The Wisconsin initiative would have also included a required Integrated Pest Management Plan, with lists and quantities of pesticides used annually. But at least for now, anything to do with pesticides has been removed from DNR jurisdiction and made the purview of the Department of Agriculture, Trade and Consumer Protection.
Superintendents like Schmidt at Butte des Morts are anticipating eventual limits on the amount of fertilizer that can be used, with some types eliminated entirely—in particular, those with phosphorous formulations. “All of these materials are on the docket; we know the state is taking a close look,” he says.
‘Peake Protection
An especially fragile environmental region, covering thousands of square miles in Maryland, Virginia, Delaware and Pennsylvania, is the Chesapeake Bay watershed. Much attention is now being given to protecting this ecosystem, and that’s led to a new spotlight on fertilizer use. Maryland lawmakers have passed nutrient management guidelines for turf, and other states in the region are considering similar proposals to regulate turfgrass fertilization.
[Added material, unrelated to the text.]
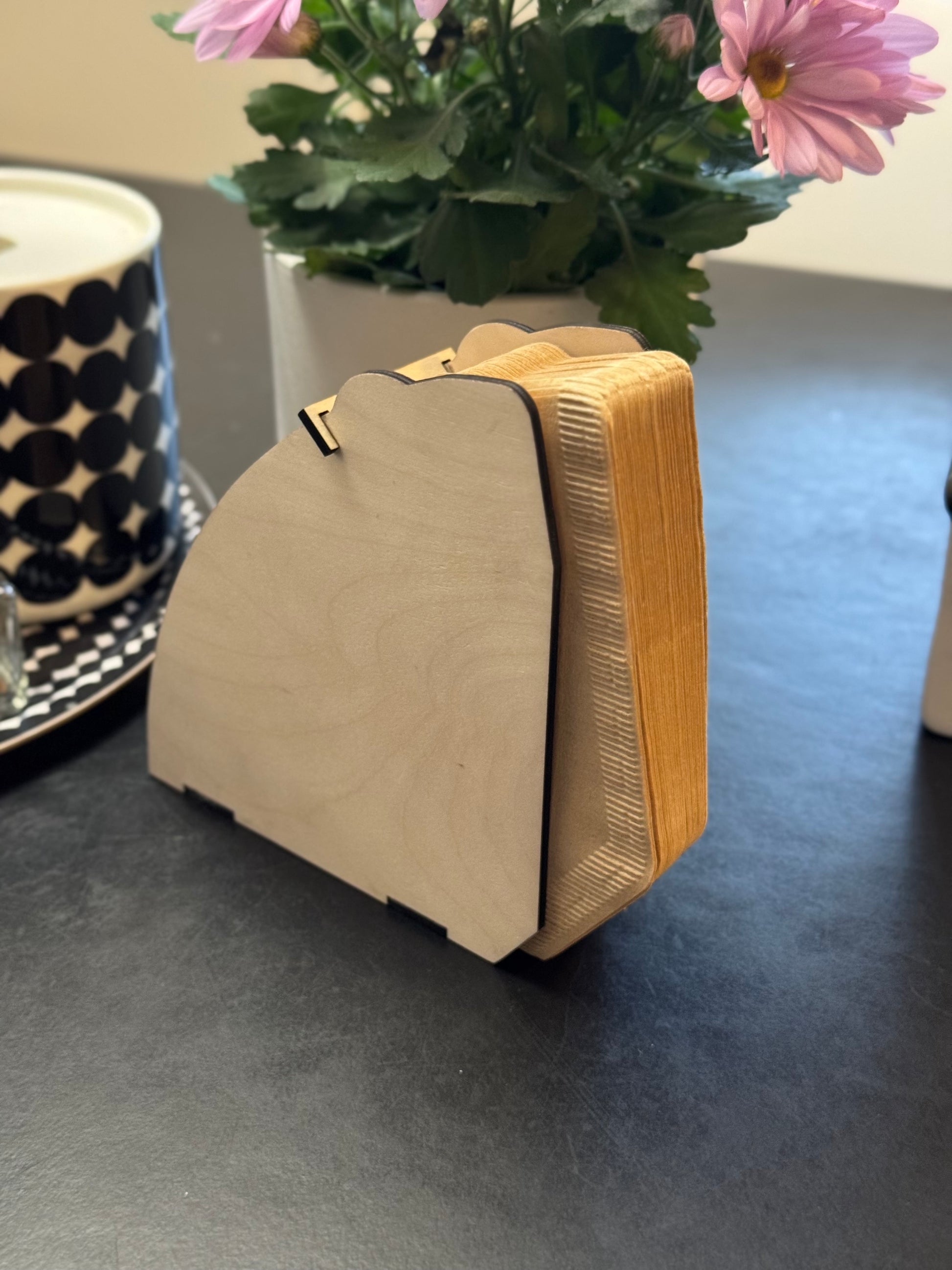 Koivuvanerista valmistettu teline kahvin suodatinpusseille. Yleisemmälle 1x4 pussikoolle

One property that is well aware of the need to protect the watershed is Bay Hills Golf Course in Arnold, Md. An Ed Ault design, water comes into play on 11 of Bay Hills’ 18 holes, some of which back up to the Bay, according to Superintendent Chris Fernandes.
“We use a lot of organics,” Fernandes says in describing protective measures already in place at the property. He has several other low-cost tips for superintendents, whether they are using organic or commercial products.
“Don’t spray into a wind,” says Fernandes, who tries to make sure winds are less than five miles per hour before doing any spraying at all. He also tries to avoid spraying before a rainfall.
“If you are going to fertilize before a rain,” he advises, “be sure it will not rain a lot, or that it is going to be a good, soaking rain.”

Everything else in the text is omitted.